What is the formula for calculating futures roll prices?
An investor who wants to invest in the commodity will purchase a specific contract. In this instance, they will choose a contract with a lengthier term. From the standpoint of a roll yield, the price of a contract will decline or roll down towards the price of the next closest contract as time passes. It will then decrease in price until it reaches the price of the next contract, and so on.
Roll yield is the term for this process, and in the case of contango, the return is negative because prices are declining. In this instance, the investor must decide whether to sell the present contract or wait for it to expire in order to maintain future commodities exposure. They will then reinvest in a contract with a longer term, thus continuing the cycle.
What is Backwardation?
The market is said to be in backwardation when the prices of longer-dated contracts are lower than those of shorter-dated contracts. It can happen when a commodity’s current inventory level is low.

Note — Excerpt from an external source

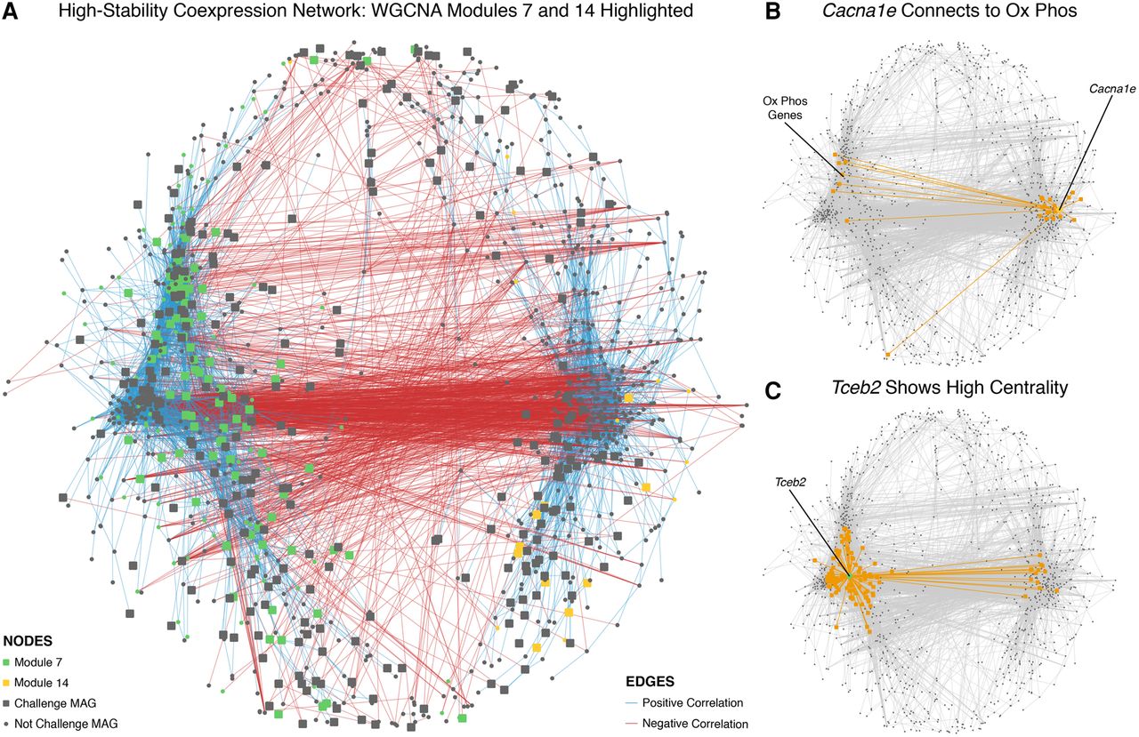(A) Coexpression network of plotting the largest connected component with all relationships with correlations of an absolute value of 0.85 or better. The network topology includes two sides connected by a profusion of negative correlations. Module 7 nodes (green), which are associated with oxidative phosphorylation, inversely connect to module 14 nodes (yellow), which are associated with ion channels. (B) The gene with the highest betweenness centrality in module 14, Cacna1e, connects to many oxidative phosphorylation genes. Edges connecting out from Cacna1e and the nodes they connect to are highlighted in orange. (C) The gene with the highest betweenness centrality in module 7, Tceb2, implies a role for transcriptional regulatory dynamics. Edges connecting out from Tceb2 and the nodes they connect to are highlighted in orange.

Drought or heavy rainfall, for example, can result in a bad agricultural crop. Commodities for the current season would be in limited supply in such instances, causing contracts for this year’s crop to rise. Because a typical investor buying at market price would sell the contract at a somewhat higher price, the price of the longer-dated contract would roll up to the next closest contract. It is the means by which investors might receive a positive roll yield.
Calculating Roll Yield
An investor must know the rates of the two futures contracts as well as the current price of the underlying asset, which in this example is a commodity, in order to compute roll yield. Assume June soybean futures are trading at $100, and July futures are trading at $95, with the spot price at $100.
Investor X predicted that soybean prices will either stay the same or rise. As a result, she chose to extend the contract until July, although the spot price ($100) remains the same on the expiration date. The roll yield of Investor X would be as follows:
In futures trading, who pays the margin?
Margin money is money put up by the buyer or seller of a futures contract to cover a portion of the total value of the commodities future being bought or sold. This deposit is required by commodity exchange laws and must be made with a registered futures commission merchant (RFCM) prior to the purchase or sale of a futures contract. Margin money is simply an assurance that the trader, who is also the RFCM’s customer, will keep his end of the bargain.